É impressionante como toda a tensão, a falta de jeito e a guerra fria da primeira parte do documentário, em Twickenham, se desfaz com a magia da criação do álbum Let it Be, nos estúdios da Apple. A apresentação no terraço é um poderoso testamento musical e o maior e melhor flagrante do quanto os quatro se amavam. 

É brilhante ver como esses quatro egos coexistiam uns nos outros, como eles se alimentavam e criavam o melhor para a música, como o processo de criação era importante, intuitivo, mas lotado de referências. Preste atenção no quanto os ensaios são intercalados por eles tocando músicas dos outros, buscando conexão afetiva e criativa uns nos outros e uns com os outros.

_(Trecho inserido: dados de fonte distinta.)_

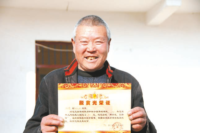 脱贫户焦大得领取脱贫光荣证。

George Harrison é o grande exemplo. Mesmo quando as composições não eram suas, ele trabalhava por elas, criavam momentos significativos e imprimia seu RG de maneira única. Solos e introduções simples na execução, mas complexos na forma. É assim em músicas como Don’t Let me Down, Get Back, Let it Be, e também em criações solos, como Here Comes the Sun e Something. E Ringo, sempre tão arquivado na memória dos fãs, é uma presença sereníssima, tão pendular que é capaz de filtrar a tensão dos outros três só de estar ali. 

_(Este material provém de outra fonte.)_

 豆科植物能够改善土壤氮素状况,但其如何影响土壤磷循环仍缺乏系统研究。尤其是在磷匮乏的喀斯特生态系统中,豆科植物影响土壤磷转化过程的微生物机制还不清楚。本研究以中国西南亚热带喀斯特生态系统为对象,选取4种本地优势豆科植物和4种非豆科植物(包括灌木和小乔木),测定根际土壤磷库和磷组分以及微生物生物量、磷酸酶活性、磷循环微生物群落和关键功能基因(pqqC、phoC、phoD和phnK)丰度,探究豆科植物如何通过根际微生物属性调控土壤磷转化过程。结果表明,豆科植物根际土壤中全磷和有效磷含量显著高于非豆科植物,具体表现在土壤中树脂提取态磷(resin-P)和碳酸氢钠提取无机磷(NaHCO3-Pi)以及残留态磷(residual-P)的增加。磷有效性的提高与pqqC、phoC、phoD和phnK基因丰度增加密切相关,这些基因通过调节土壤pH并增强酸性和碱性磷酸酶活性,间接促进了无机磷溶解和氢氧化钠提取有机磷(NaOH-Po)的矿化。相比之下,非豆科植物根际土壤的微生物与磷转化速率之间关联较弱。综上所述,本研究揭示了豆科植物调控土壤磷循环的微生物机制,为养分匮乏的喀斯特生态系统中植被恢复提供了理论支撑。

Ainda que existam problemas, música sempre foi o centro, o motor, o motivo, o Universo. 

Uma das obras-primas criadas por Paul e John.

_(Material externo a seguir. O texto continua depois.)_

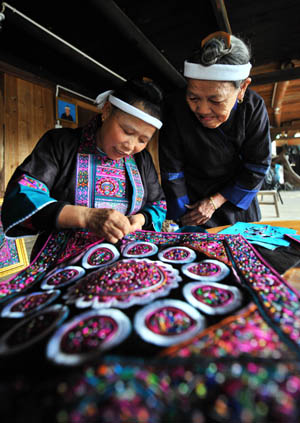 廣西三江侗族自治縣同樂苗族鄉(xiāng)同樂村的“侗族刺繡”藝人在做刺繡。記者 李斌/攝

O desespero de Paul em manter este mundo vivo é o protagonista perfeito da saga genialmente criada por Peter Jackson. Quando voltam ao estúdio pra gravar o restante do álbum, os Beatles repetem Let It Be à exaustão. Ao ouvir que a versão ficou boa, Paul diz: “agora que temos a boa, vamos gravar de novo”. É quase um “não quero que isso acabe, gente!” Deixe rolar até que o mundo lá fora exploda. 

O trabalho de restauração de imagem e som, o critério poderoso da edição para encontrar a história na montanha de imagens e manter a sensibilidade na construção da história, é realmente extraordinário. Jackson maneja tão bem, que até a entrada de Alan Klein, o famigerado agente da banda que foi um tipo de pivô da separação, é bem feita. O diretor joga limpo com a plateia porque sabe que a emoção é genuína. Fora que seu documentário é o registro de processo criativo mais impressionante que alguém pode ver. Sobretudo, pela paixão do diretor pela música, pelos Beatles, por essa história que mudou a cultura do mundo e segue abrindo influência mais de 50 anos depois. 

Jackson consegue o feito, depois de quase 8 horas de filme, encerrar a terceira parte deixando o espectador sem fio de esperança: então é isso mesmo? Acabou?

Sim, acabou. E foi arrebatador.

E o que nos resta, senhoras e senhores, é ficar com os anfitriões da noite, os Rolling Stones.